网址:https://codeforces.com/problemset/problem/786/B
题意:
给出$n$个城市和三种路径:$u$向$v$连一条带权无向边;$[l,r]$向$v$连一条带权无向边;$u$向$[l,r]$连一条带权无向边,给出一个起点$s$,求它到其他点的最短路径,如果不能到达,输出$-1$。
题解:
现在有三种操作:点对点连边,点对线段连边,线段对点连边。且点数多达$1e5$,所以就要建立线段树优化建图。建立入度树(就是边的终点)时,需要连上父节点往子节点的点且边权为$0$,建立出度树时,需要子节点往父节点连上边权为$0$的边。然后这里点对点,区间对点,点对区间连边,所以可以直接连边不需要超级结点,如果出现了区间对区间,就需要超级结点。
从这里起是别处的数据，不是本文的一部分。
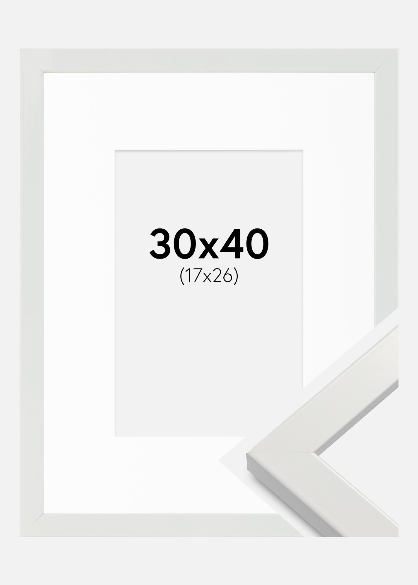 Cornice White Wood Glossy 30x40 cm - Passe-partout Bianco 18x27 cm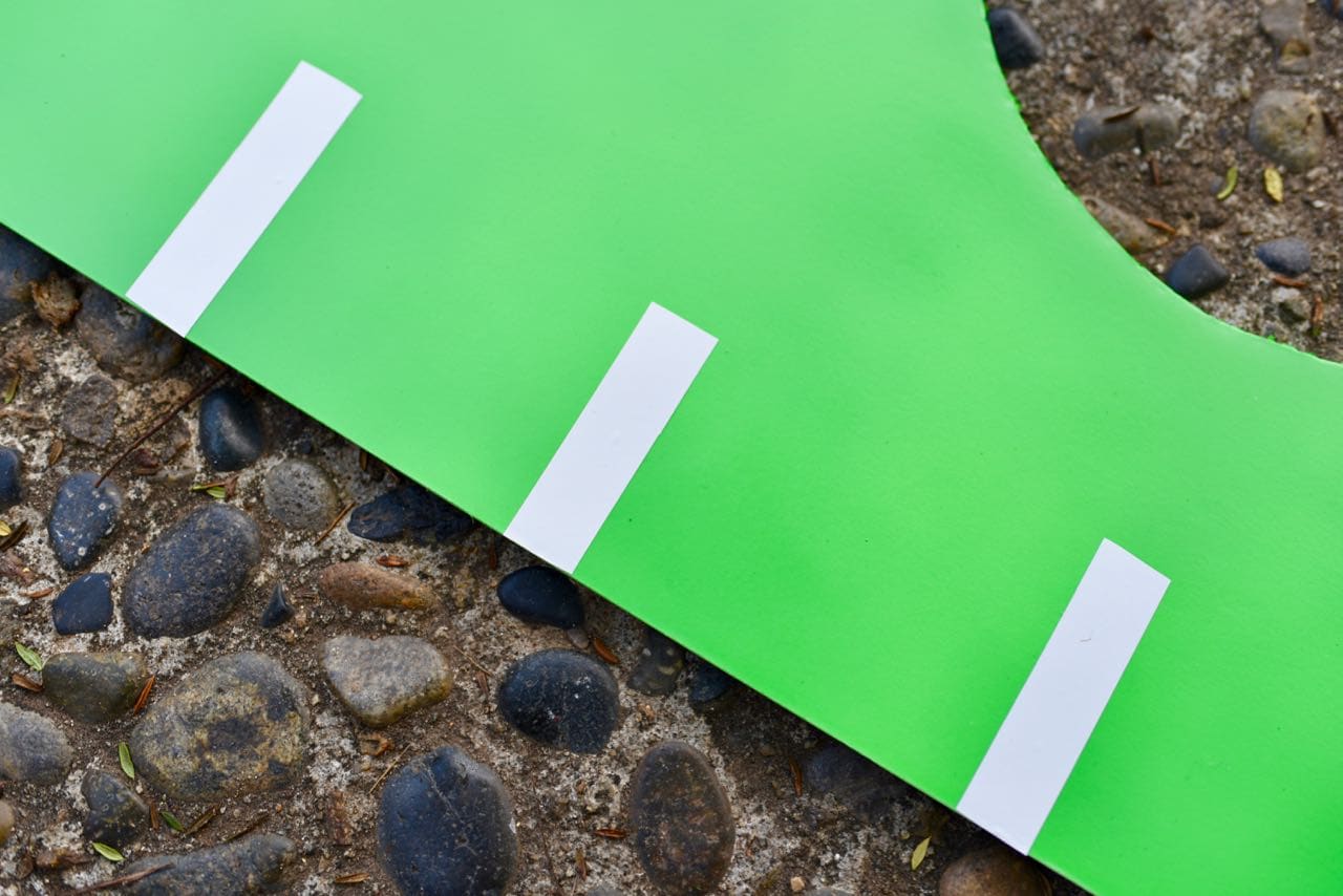 Step 2. Remove the cut circle portions. Spray paint the entire front of the foam board green. Use multiple thin coats of spray paint to cover the surface evenly. Let dry completely.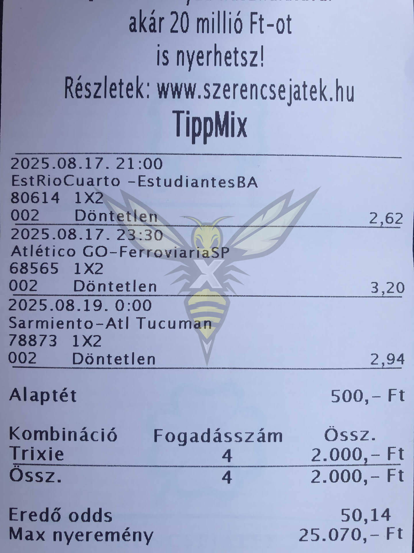 | 1 | Argentina - Liga Profesional | 2025.08.19 | 0:00 | Sarmiento Junin | Atletico Tucuman | -42,58 |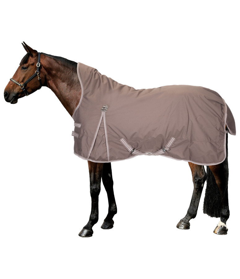 Funkcjonalny, wodoodporny i oddychający materiał derki przeciwdeszczowej z wysokim kołnierzem wykonany z ripstop 600 denier (słup wody 3000 mm, oddychalność 3000 g / m2 / 24 h). Nowoczesny krój z wysokim kołnierzem zapobiega przedostawaniu się wody w okolice ramion i zapewnia niezawodną ochronę, zwłaszcza podczas ulewnego deszczu. Wysoka szyja zapobiega również niepotrzebnemu uciskaniu w okolicy kłębu. Z klinem zapewniającym optymalną swobodę ruchów, zapięcie na klatkę piersiową z podwójnym haczykiem T z dodatkowym KV, regulowanymi paskami krzyżowymi i klapą ogonową. Zawiera Urządzenie do mocowania sznurków udowych i paska na ogon z regulacją długości. Gładka, przyjazna dla futra podszewka. 100% poliester.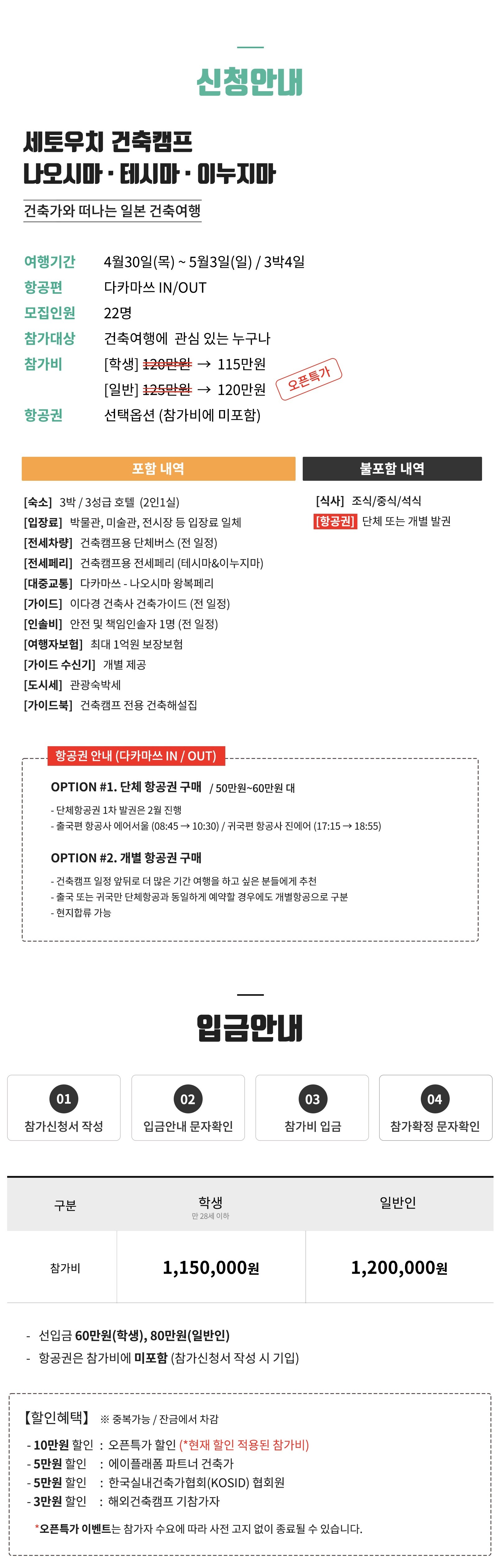 ① 최고의 건축경험을 제공하기 위해 프로그램은 일부 변경될 수 있습니다. ② 여행 전 카카오톡 단체방과 현지에서 안전교육 진행 ③ 숙소는 기본 2인1실 (1인실 업그레이드 20만원) ④ 조식 미포함 ⑤ 중식은 자유식사지만, 일정에 따라 답사지 주변에서 단체식사 예정 ⑥ 참가자 다양성을 위해 동행은 최대 6인으로 제한합니다. ⑦ 미성년자 참가가능 ⑧ 행사진행 최소 인원 5명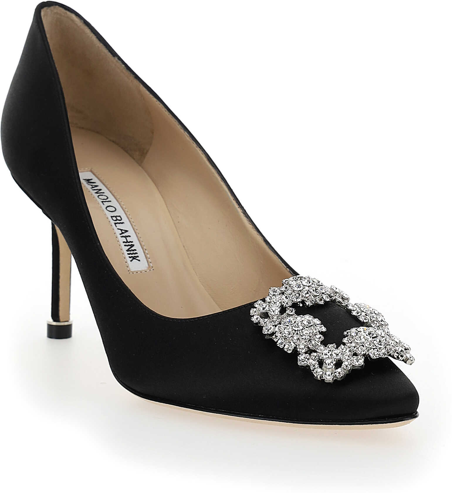 Silk Satin Hangisi Pumps by Manolo Blahnik, almond toe, iconic Swarovski crystal buckle appliqué on front, leather stiletto heel, logo-embossed insole.

然后连边之后在这个图上用一次$dijkstra$算法就行了。
AC代码:
#include <bits/stdc++.h>
using namespace std;
typedef long long ll;
const int MAXN = 5e5 + 5;
struct node
{
int l, r;
};
node tr[MAXN];
struct edge
{
int to;
ll w;
edge() {}
edge(int _to, ll _w) :to(_to), w(_w) {}
bool operator<(const edge& a)const
{
return w > a.w;
}
};
vector<edge>G[MAXN];
int cnt = 0;
void buildout(int& rt, int l, int r)
{
if (l == r)
{
rt = l;
return;
}
rt = ++cnt;
int m = (l + r) >> 1;
buildout(tr[rt].l, l, m);
buildout(tr[rt].r, m + 1, r);
G[rt].push_back(edge(tr[rt].l, 0));
G[rt].push_back(edge(tr[rt].r, 0));
}
void buildin(int& rt, int l, int r)
{
if (l == r)
{
rt = l;
return;
}
rt = ++cnt;
int m = (l + r) >> 1;
buildin(tr[rt].l, l, m);
buildin(tr[rt].r, m + 1, r);
G[tr[rt].l].push_back(edge(rt, 0));
G[tr[rt].r].push_back(edge(rt, 0));
}
void update(int rt, int l, int r, int ql, int qr, int v, int w, int type)
{
if (l <= ql && r >= qr)
{
type == 2 ? G[v].push_back(edge(rt, w)) : G[rt].push_back(edge(v, w));
return;
}
int m = (ql + qr) >> 1;
if (l <= m)
update(tr[rt].l, l, r, ql, m, v, w, type);
if (r > m)
update(tr[rt].r, l, r, m + 1, qr, v, w, type);
}
const ll INF = 0x3f3f3f3f3f3f3f3f;
ll dis[MAXN];
bool vis[MAXN];
priority_queue<edge>Q;
void dijkstra(int s)
{
memset(vis, 0, sizeof(vis));
memset(dis, 0x3f, sizeof(dis));
dis[s] = 0;
Q.push(edge(s, dis[s]));
while (Q.size())
{
auto u = Q.top();
Q.pop();
if (vis[u.to])
continue;
vis[u.to] = 1;
for (auto i : G[u.to])
{
int v = i.to;
if (!vis[v] && dis[v] > dis[u.to] + i.w)
{
dis[v] = dis[u.to] + i.w;
Q.push(edge(v, dis[v]));
}
}
}
}
int rt1, rt2;
int main()
{
int n, m, s;
scanf("%d%d%d", &n, &m, &s);
cnt = n + 1;
buildin(rt2, 1, n);//区间出去
buildout(rt1, 1, n);//区间进来
int op, u, v, l, r, w;
while (m--)
{
scanf("%d", &op);
if (op == 1)
{
scanf("%d%d%d", &u, &v, &w);
G[u].push_back(edge(v, w));
}
else
{
scanf("%d%d%d%d", &v, &l, &r, &w);
update(op == 2 ? rt1 : rt2, l, r, 1, n, v, w, op);
}
}
dijkstra(s);
for (int i = 1; i <= n; ++i)
printf("%lld%c", dis[i] >= INF ? -1 : dis[i], i == n ? '
' : ' ');
return 0;
}